The high schools supported by the archdiocese are:

The archdiocese offers religious education classes in all of its 111 parishes for children who attend public and other non-religious schools. According to the 2007 Official Catholic Directory, there were 95,837 students enrolled in these classes. This same source lists as teachers 2760 laity, 58 religious sisters, and 43 priests and religious brothers. Religious education classes are also offered to adults throughout the archdiocese. In 1997, Archbishop Favalora adopted a policy requiring all volunteers, employees, teachers and priests to be fingerprinted and have a background check before they could work with children. Several years later, this policy was enshrined and adopted by all U.S. Bishops in the Charter for Protection of Young People.

Universities 

The Archdiocese of Miami oversees and administers the Catholic university of  St. Thomas University in Miami.  St. Thomas University offers Bachelor of Arts, Master of Arts, Master's degree, Master of Business Administration, M.Acc., Doctor of Education, and Doctor of Philosophy programs through its college and various schools. It offers several joint degree programs and an accelerated B.A./J.D. as well. The School of Law at St. Thomas was fully accredited by the American Bar Association in February 1995, and offers the Juris Doctor degree (J.D.) as well as the Masters of Law (LL.M).

Seminaries 

St. John Vianney College Seminary and St. Vincent de Paul Regional Seminary serve priestly formation needs. Candidates to the Catholic priesthood must have a college degree plus another four to five years of seminary formation. This formation includes not only academic classes but also human, spiritual and pastoral education. St. John Vianney Seminary, which is located in Miami, states as its fundamental purpose "to provide an undergraduate education for students whose stated objective is to serve the Catholic Church as priests", but it also offers education to lay ministers and to "others who may be enriched by its services". St. Vincent de Paul Regional Seminary, located in Boynton Beach, offers a master's degree in Theology and Theological Studies and a First Professional Degree in Divinity and Ministry. Priests serving in the Archdiocese of Miami are required to speak both Spanish and English, and these two seminaries are the only bilingual seminaries in the United States. As of August 2007, there are 126 seminarians in priestly formation at both seminaries.

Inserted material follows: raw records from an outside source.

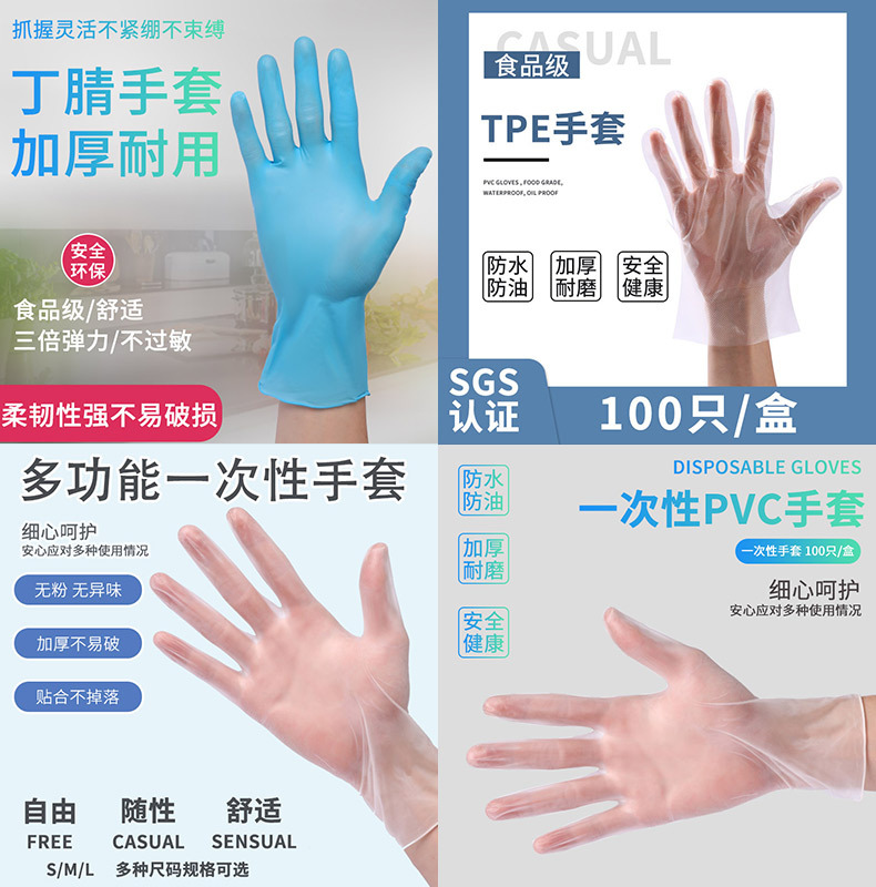 【100只装】一次性手套透明PVC高弹加厚劳保家用外出防护食品级PVC
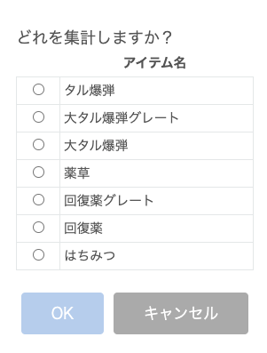 選択肢から選択するダイアログを表示する」を使ってどのアイテムを集計するか選ぶようにしてたんだけども、これは選択肢に表示するもの=アクションの結果になるのでアイテムコードをアクションの結果としようとすると、選択肢もアイテムコードになっちゃうんだよね〜。
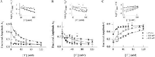 Figure 5. Relationship between extracellular I− concentration and fractional current amplitudes. Fractional current amplitudes were determined at three different test potentials (−75, −115, and −165 mV) as described in methods. Solid lines represent fitted hyperbola (see text) to the measured data. Each point represents mean ± SEM for at least three cells. (A) Fast deactivating fractional current amplitude, A1. (B) Slow deactivating fractional current amplitude, A2. (C) Nondeactivating fractional current amplitude, C. Insets show transformations of the data with fitted regression lines as described in results. Hill coefficients determined from the regression lines are as follows: A1: 0.47, 0.96, and 1.00; A2: 0.59, 0.98, and 0.22; C: 0.31, 0.86, and 0.99 for test potentials of −75, −115, and −155 mV, respectively. |
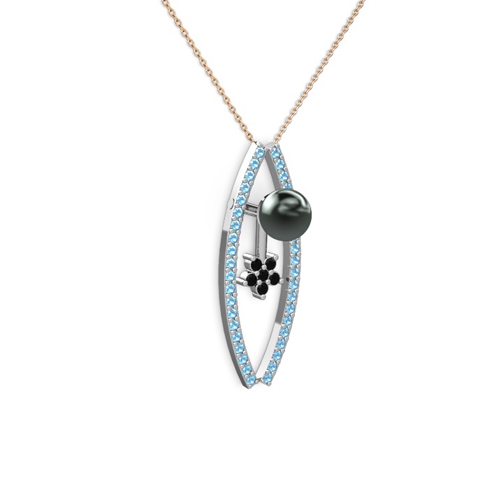 Siyah inci, akuamarin ve siyah zirkon 18 ayar beyaz altın kolye (40 cm rose altın rolo zincir)
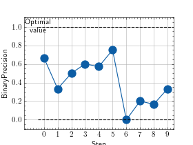 >>> from torch import rand, randint >>> # Example plotting multiple values >>> from torchmetrics.classification import BinaryPrecision >>> metric = BinaryPrecision() >>> values = [ ] >>> for _ in range(10): ... values.append(metric(rand(10), randint(2,(10,)))) >>> fig_, ax_ = metric.plot(values)
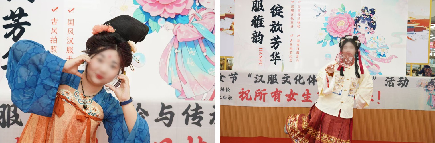 漢服社通過真實(shí)的漢服服裝展示,讓大家可以近距離感受漢服文化。
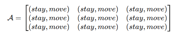 상태-행동 집합 A\mathcal{A}: 각 상태에서 가능한 행동은 (stay,move)
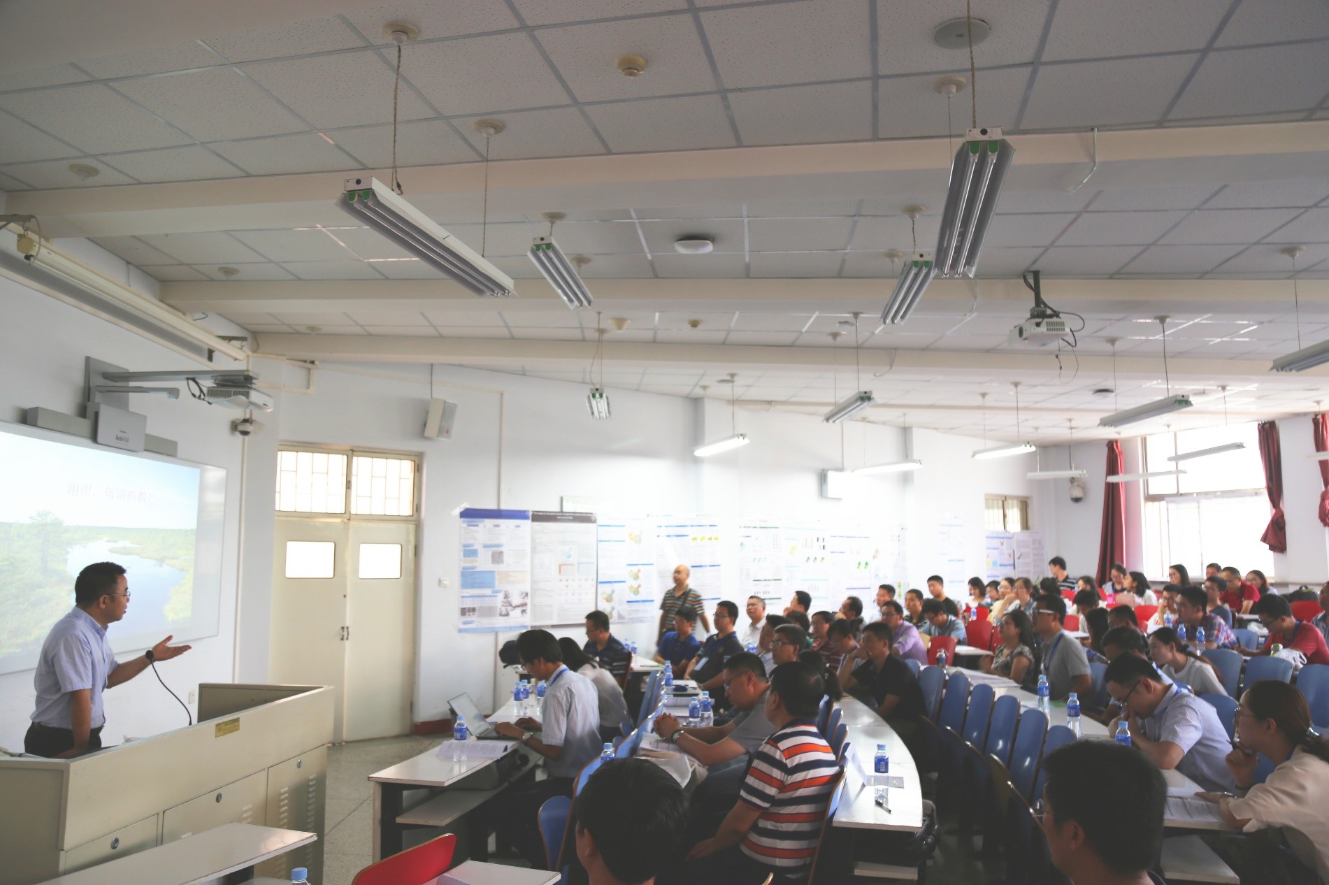 下午,在马明国教授的主持下,中科院水利部水保所冯浩教授、北京师范大学徐伟教授、西南师范大学角媛梅教授、内蒙古地图院王俊枝高级工程师、内蒙古农业大学迟文峰博士、北京师范大学张化高级工程师、南京师范大学吴小波博士、中科院地理科学与资源研究所戴尔阜研究员先后进行了“国内外旱区农业发展比较研究”、“城市地震灾害应急避难所选址的优化研究”、“哈尼梯田区优势景观类型对泉水氢氧同位素效应的影响”、“基于国情地理监测的内蒙古生态系统时空过程与影响因素分析”、“蒙古高原1990-2015年土壤风蚀时空格局与驱动机理”、“基于咸水冻融技术的北方滨海地区盐碱地改良与修复研究”、“过去30年来青藏高原冻土水热变化研究”、“基于复杂性的土地利用模拟”8个学术汇报。
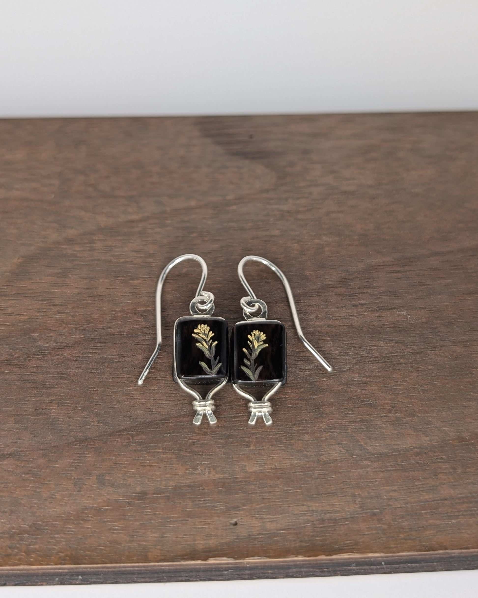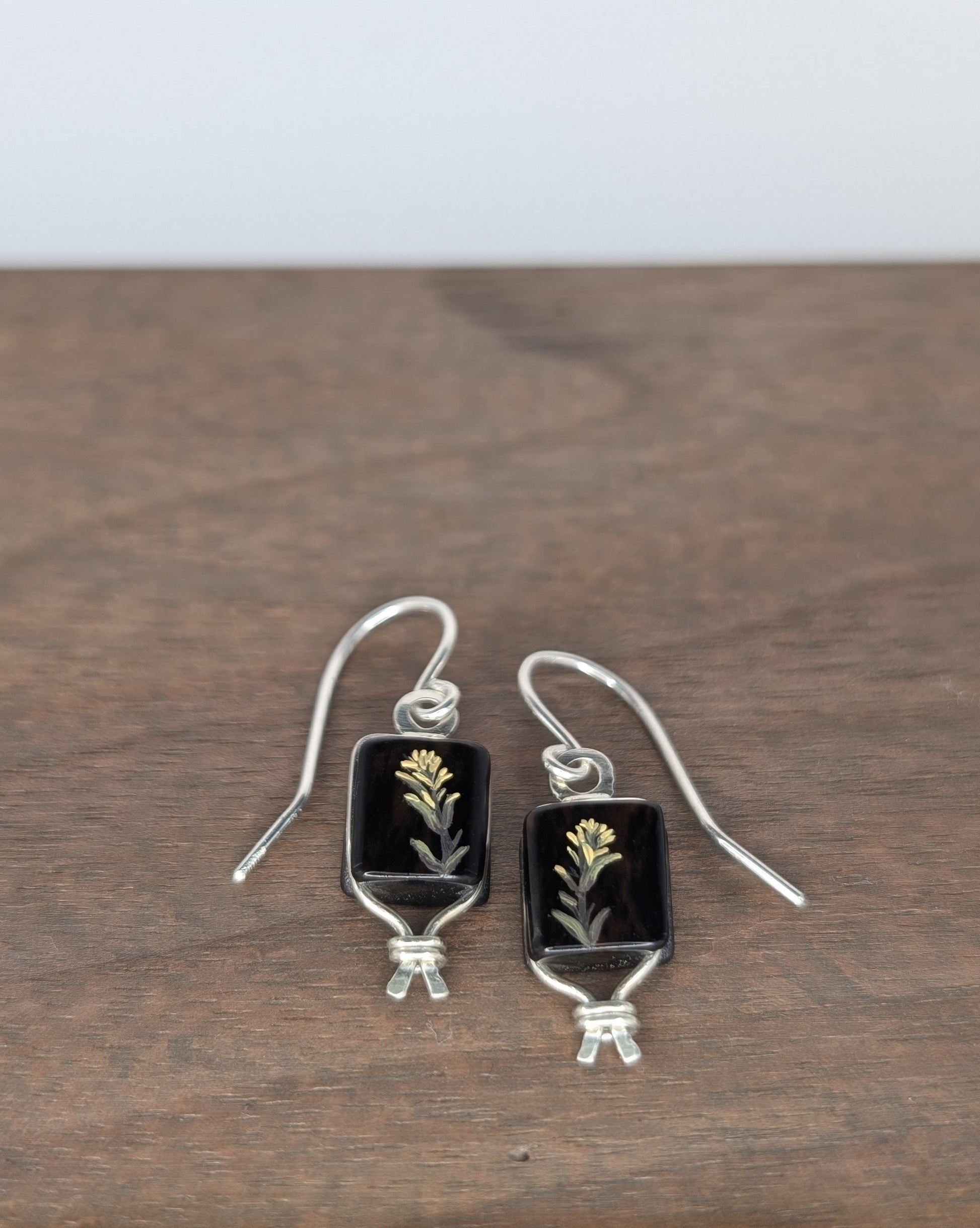 Each flower is painted freehand using fine brushes. Set with sterling silver ear wires. One of a kind.

On Thursday, December 15, 2011 The Redemptoris Mater Seminary of the Archdiocese of Miami was erected, with the signing of the decree and the canonical and civil documents. Located in Hialeah, Florida, is a Diocesan seminary where the seminarians once ordained, will be at the disposal of the Archbishop for internal or missionary assignments. Currently, there are 20 seminarians, all studying for the Archdiocese of Miami, who follow classes either in St. John Vianney College Seminary or St. Vincent de Paul Regional Seminary

Catholic Charities of the Archdiocese of Miami 

Catholic Charities of the Archdiocese of Miami is a separate non-profit organization operated by the Archdiocese of Miami. It is part of a national network of organizations that are operated in each U.S. diocese. This organization claims to be the largest nongovernmental provider of services to the needy in South Florida. It began in 1931 during the Great Depression with four Miami-area pastors and lay members of the Society of Saint Vincent de Paul. It employs over 600 staff and operates on an annual budget of over $38 million. In 2006, it served over 17,000 families in the tri-county area of Broward, Miami-Dade and Monroe Counties. Some of these services include transitional housing, homeless shelters, elderly day care, child day care, addiction recovery, HIV/AIDS programs, family and school counseling, meals for the elderly and various immigrant and refugee help programs among others.

Catholic Health Services 

Archdiocese of Miami Catholic Health Services operates 26 facilities in Broward and Miami-Dade Counties. According to the 2007 Archdiocese of Miami Official Catholic Directory, the two Catholic hospitals, Mercy Hospital in Miami and Holy Cross Hospital in Ft. Lauderdale, served 1,278,516 people; three CHS health care centers served 7,896; three homes for the aged assisted 2,578 senior citizens; two residential care centers for children served 376; seven day-care centers served 1,885; two specialized homes assisted 383; twelve special centers for social services served 81,320; and eleven other institutions served 1,432 people in 2007. Catholic Hospice Care is a partnership between the Archdiocese of Miami and Mercy Hospital. It provides end of life care to terminally ill patients and their families throughout Miami-Dade and Monroe counties. Catholic Health Services also operates two Catholic cemeteries, Our Lady Queen of Heaven in Broward County and Our Lady of Mercy in Miami-Dade.

Outreach

Lay movements and ministries 
Over 60 movements and ministries are run by laity (those who are not ordained priests or religious brothers and sisters), "There may be hundreds more ..." according to Miami auxiliary bishop Felipe Estevez. There are 17 categories of ministries listed under the archdiocese Office of Lay Apostolate are: Airport Ministry, Apostleship of the Sea, Ascending Life, Campus ministry, Charismatic Renewal, Courage Ministry ("Ministry to Persons With Same-Sex Attraction"), Council of Catholic Women, Cursillo, Family Life, Knights of Columbus, Lay ministry, Lay movements, Marian movements, Missions, Prison ministry, Respect Life, and Youth Ministries. Some other lay movements and ministries include various prayer and support groups, an Emmaus, and groups which provide worship, social and religious formation for men, women and teenagers. Some parishes provide groups for single Catholics, divorced or separated people, drug and alcohol addiction help, learning Spanish or English as a second language and parish outreach services to the poor and needy through parish pantries and need-specific donor drives.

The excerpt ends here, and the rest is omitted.